男性性を抹消し、女性性に全振りした恋愛論は現実の戦略としては効果があるけれど、それがすなわち社会的に正しい言論とは限らない。女性が男性に好意を寄せる自由があるのと同様に男性にも女性に好意を寄せる自由はある。男性の場合、それを振りまきすぎという問題はあるにせよ、好意の表明までをも否定するべきではない。

女性にはかわいいと言ってもいい。女性が好む好まないにかかわらずである。戦略的に正しいかどうかは知らない。おそらくないのだろう。ただ、男性にとっても女性にとっても好意を寄せることが権利であることは知っている。それだけである。

西尾維新物語シリーズ神原駿河が「人と人は合わないことはあっても会わないことはない」と言っていたけれど、本来は女性もその男性が合わなければ断ればいいだけである。単にそれだけの話でしかない。「おかしてえ」と言う同級生や痴漢のような悪辣な例を持ち出し、かわいいと言うことまで否定するのは行き過ぎだろう。すごい簡単に言えば論理の飛躍でしかない。よくよく読むとネトウヨみたいなことを言っていることに気づく。

ありていに言えば手段の愚かさを行為の愚かさと紐づけすぎなんですよ。恋愛においても言っていいことと悪いことがある、やっていいことと悪いことがある。グラデーションがある。相手を人間として尊重して礼を逸するのはいけない。そういう当たり前の話をしたいのだけど、女性が置かれている立場を見るに、そんな当たり前の行動や言動もできない男性が一定数いるみたいで、なんとも難しくはある。

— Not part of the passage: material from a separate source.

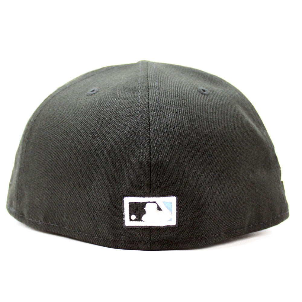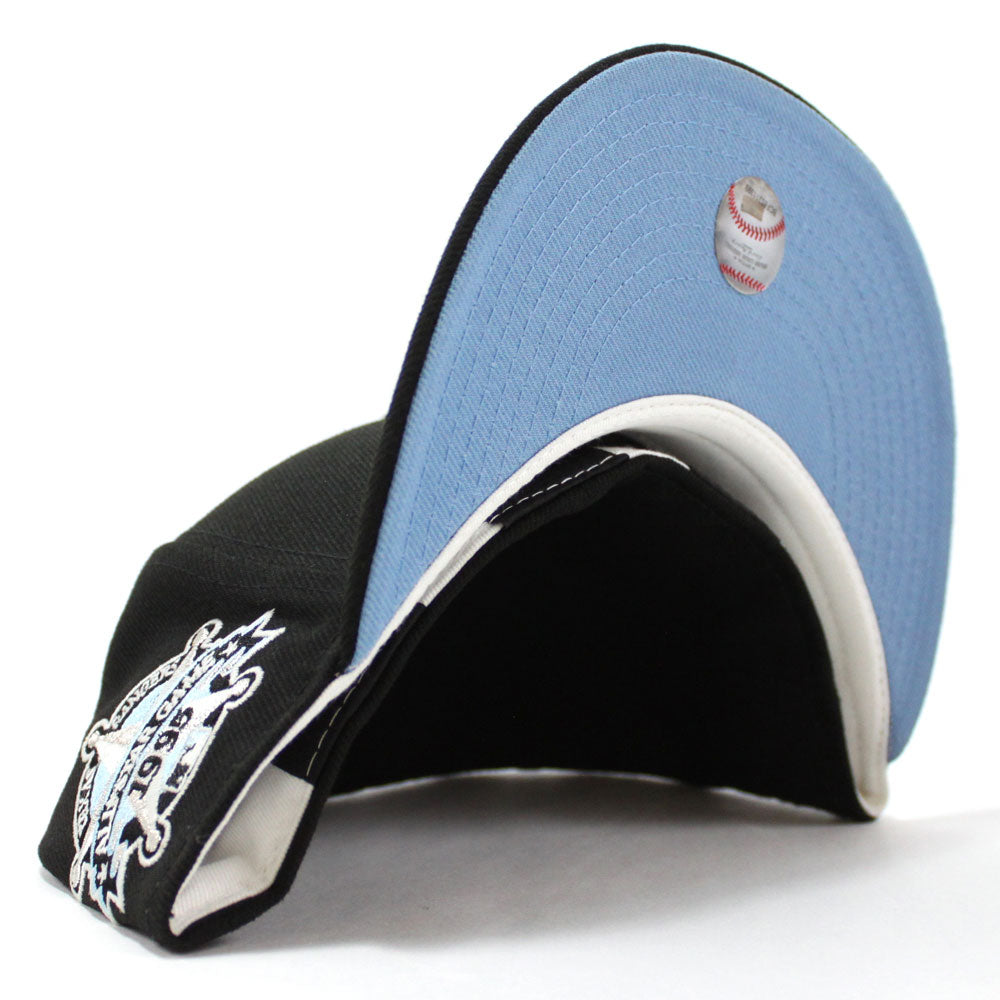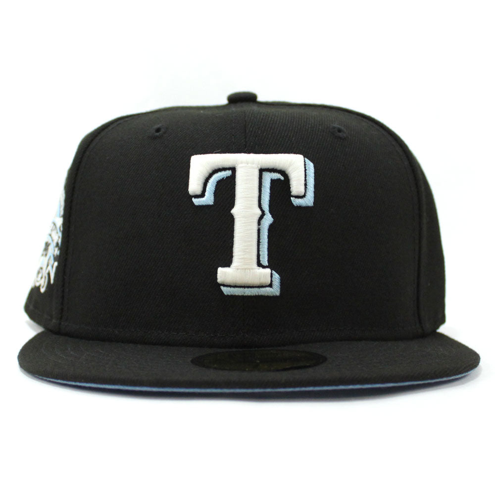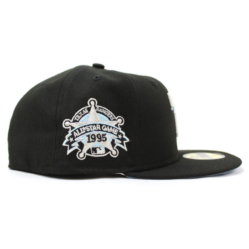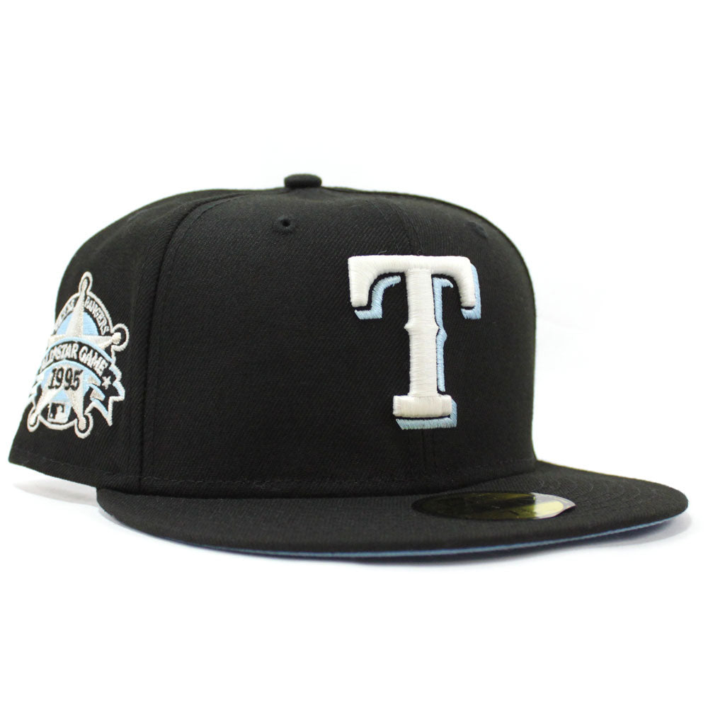 Texas Rangers 1995 All-Star Game New Era 59Fifty Fitted Hat in Black and Sky Blue under brim.

しかし男性にもデュープロセスを踏んでいる限りにおいて好意を寄せて恋愛する自由はある。

そのデュープロセスの範囲を逸脱しない限りにおいては自由に恋愛するべきだというのが社会的に正しいと僕は思っている。

 

ところで、このnoteのうまい(ずるい)ところは中学の同級生の発言「おかしてえ」や痴漢行為、tiktokのコメントなどを引き合いに出すことで自らを逆説している点にある。

例として出されているものは誰がどう見てもダメなわけだが、男性の性的衝動を省みることによって自らを理性の側の人間であると確認し、主張している。筆者の理性はわかった。そして理性が勝利するのもわかった。しかし理性だけが大切なのではない。というかそういう理性至上主義みたいな恋愛市場にしたからおかしなことになっているのではないだろうか。

男性側から見た時に理性をアッピールしている自己肯定感が高い男性が一番ヤバいと思う。理性のいきつく先は狂気なのは歴史が証明しているわけで、理性を恋愛に使用する男性に女性がひきつけられるのは狂気に惹かれているだけに見えてしまう。性欲を正直に発露する男性のほうがまだいい。

ましてや自己肯定感ほど恋愛において無価値なものはない。

くしくもシン・エヴァンゲリオンが「男性の自己肯定感は恋人がいて結婚すれば勝手に高まるもの」という物語であると一部界隈で言われているように

「君が付き合えば男性は変わる」ということを女性はもっと知ったほうがいいと思う。

こういう事を書くと弱者男性論みたいに読まれるかもしれないけど

女性はモテ男性の理性や暴力性に巻き込まれる前に、男性はある意味で弱い存在だと知ったほうがいい。女性が自衛する意味においてもそれは重要だと思っている。

しかし女性は自己肯定感が高く理性的な男性を選ぶ。それがモテ非モテの恋愛格差を生む。女性は理性至上主義で男性間の格差を広げたゆえに浮気されるし男性はモテと非モテに分けられる。結局、この理性とやらは結果的に誰を幸せにしたのか甚だ疑問なのである。